What Is the Most Popular Nursing Degree?

The most common types of nurses you will see around the country are:

  • Nurses working in hospitals and nursing homes
  • Nurses working in acute care and psychiatric nursing
  • Travel nurses, and nurses who work overseas and are qualified to work in other countries.

Each nursing type will have done an advanced nursing degree, so already you have a good understanding of the backgrounds of these professionals. 

However, don’t just talk to one person at a nursing school, because it’s easy for recommendations to be biased in some direction. 

For example, if you choose a vocational rehabilitation specialism, then your potential employer may tell you that that track is great for anyone who wants to work with the disabled, while another hospital recruiter may look at your choice differently.

It’s up to you, but don’t forget to do some serious self-reflection before deciding which track is best for you.

Hopefully, this guide has helped you make the decision.

Why Choose To Specialize At All?

Some of the people who become nurses do so because they have a good interest in helping people. Others choose to get into the medical profession because of their strong interest in helping others.

So, what are your reasons for becoming a nurse? 

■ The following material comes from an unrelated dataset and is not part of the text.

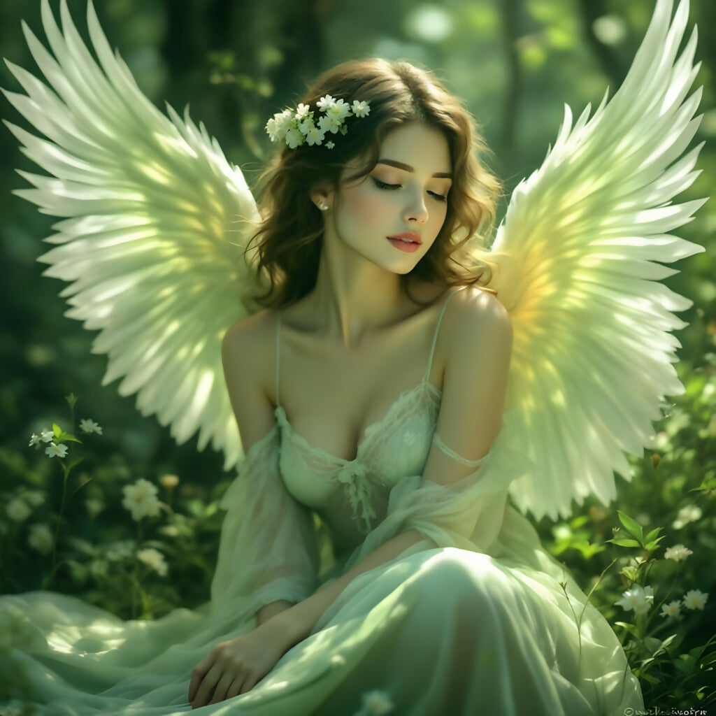 A radiant angel rests in quiet contemplation beneath the green canopy of a sun-dappled forest. Her delicate wings shimmer with soft golden hues, echoing the early morning light. Dressed in flowing sage green, she sits among tiny blossoms and wildflowers, her expression gentle and reflective. A crown of small white daisies adorns her hair, symbolizing purity and grace. This artwork captures a moment of silence, light, and serenity — a celestial whisper in nature’s sanctuary.

Healthcare facilities need nursing assistants to assist in the delivery of healthcare services to patients. They play an integral role in patient care by cleaning and disinfecting, assisting doctors and nurses with clinical procedures, and monitoring patient health every day.

Most nursing assistants are needed in hospitals, but they can also be found in other healthcare settings, including clinics, rehabilitation centers, and long-term care facilities. As a nursing assistant, you’ll focus on patient comfort and well-being.

The best hospitals to work in are the ones that have the most upbeat atmosphere where all the staff is very happy to work together. If your hospital looks like this when you visit, then it’s probably one worth working for. The same goes if the other areas where nurses are employed are good working environments too. 

Nurses often come into contact with many different people in their working environment, so it’s important to make sure they feel comfortable in doing their job. When you think about it, a nurse’s job is rather delicate. 

A Good Fit

A lot of people rely on nurses to help them with their medical conditions, so they need to be a good fit for the job. Fundamentally, a nurse’s main responsibility is to provide the best care they can for their patients while keeping these patients comfortable at all times.

In fact, this may be the most important factor that puts nurses into their jobs. In order to do this, they need to work on understanding how best to communicate with their patients and getting information from them in an understandable way while helping them feel safe and secure.